2. To implement a reinforcement learning model capable of learning the optimal policy for playing the game.
3. To integrate the model with OpenAI Gym, creating an environment for experimentation.
4. To analyze the agent's learning process and evaluate its performance using policy and value functions.


In [7]:
import numpy as np
from gym import Env, spaces


class EnhancedTicTacToeEnv(Env):
    """
    Enhanced Tic-Tac-Toe environment with detailed state, action, and reward tracking.
    """
    def __init__(self):
        super(EnhancedTicTacToeEnv, self).__init__()

        # Action space: 9 possible positions (0 to 8)
        self.action_space = spaces.Discrete(9)

        # Observation space: Board with values (-1: O, 0: empty, 1: X)
        self.observation_space = spaces.Box(low=-1, high=1, shape=(3, 3), dtype=int)

        self.reset()

    def reset(self):
        """
        Reset the game board and other variables for a new game.
        """
        self.board = np.zeros((3, 3), dtype=int)
        self.current_player = 1  # Player X starts
        self.done = False
        self.state_history = []  # Track all states
        self.action_history = []  # Track all actions
        self.reward_history = []  # Track all rewards
        return self.board

    def step(self, action):
        """
        Execute a move and transition to the next state.
        """
        row, col = divmod(action, 3)

        # Check for invalid move
        if self.board[row, col] != 0:
            return self.board, -10, True, {"invalid_move": True, "action": action}

        # Update board
        self.board[row, col] = self.current_player
        self.action_history.append((self.current_player, action))
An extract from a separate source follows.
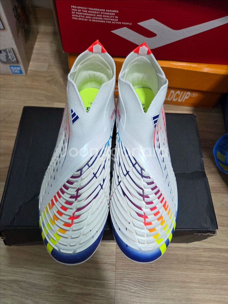 새상품/풀박스) 아디다스 프레데터 엣지+ FG J (240mm) 아디다스 축구화 끝판왕 모델인 프레데터 엣지+ FG J 주니어용 새상품 판매합니다. 월드컵 공인구 컬러인 '알 리흘라' 팩으로 실물이 정말 영롱하고 예쁜 화이트/무지개 컬러입니다. ✅ 제품 특징 • 모델명: 아디다스 프레데터 엣지+ FG J (GW0974) • 사이즈: 240mm (박스 표기 UK 5 / US 5.5 / F 38) • 상태: 미사용 새상품 (택/박스 포함 풀구성) • 등급: 끈 없는 최상급(+) 모델 (보급형이나 일반 모델보다 터치감이 훨씬 좋습니다.) ✅ 상세 설명 • 끈이 없는 타입이라 발등 터치감이 깔끔하고, 아이들이 신고 벗기 아주 편합니다. • 전용 신발주머니(쌕)도 포함된 풀박스 구성이라 선물용으로도 좋습니다. • FG 스터드이지만 주니어용이라 높지 않아 상태 좋은 인조잔디에서도 충분히 신을 수 있습니다. 📍 희망 가격: 120,000원

        # Check for a winner or draw
        winner = self._check_winner()
        if winner is not None:
            self.done = True
            if winner == 0:
                reward = 0  # Draw
                self.reward_history.append(reward)
                return self.board, reward, True, {"result": "draw"}
            elif winner == self.current_player:
                reward = 1  # Current player wins
                self.reward_history.append(reward)
                return self.board, reward, True, {"result": "win"}
            else:
                reward = -1  # Opponent wins
                self.reward_history.append(reward)
                return self.board, reward, True, {"result": "lose"}

        # Switch player
        self.current_player *= -1

        # Game continues
        reward = 0  # No reward for non-terminal states
        self.reward_history.append(reward)
        return self.board, reward, False, {"action": action}

    def _check_winner(self):
        """
        Check the board for a winner or if the game is a draw.
        """
        for player in [1, -1]:
            # Check rows, columns, and diagonals
            if any(np.all(self.board == player, axis=0)) or \
               any(np.all(self.board == player, axis=1)) or \
               np.all(np.diag(self.board) == player) or \
               np.all(np.diag(np.fliplr(self.board)) == player):
                return player

        # Check for draw
        if np.all(self.board != 0):
            return 0  # Draw

        return None  # Game is not finished

    def render(self):
        """
        Render the current board state.
        """
        symbols = {0: " ", 1: "X", -1: "O"}
        for row in self.board:
            print("|".join([symbols[cell].center(3) for cell in row]))
            print("-" * 11)
        print()

    def get_valid_actions(self):
        """
        Get all valid actions (empty spaces).
        """
        return np.where(self.board.flatten() == 0)[0]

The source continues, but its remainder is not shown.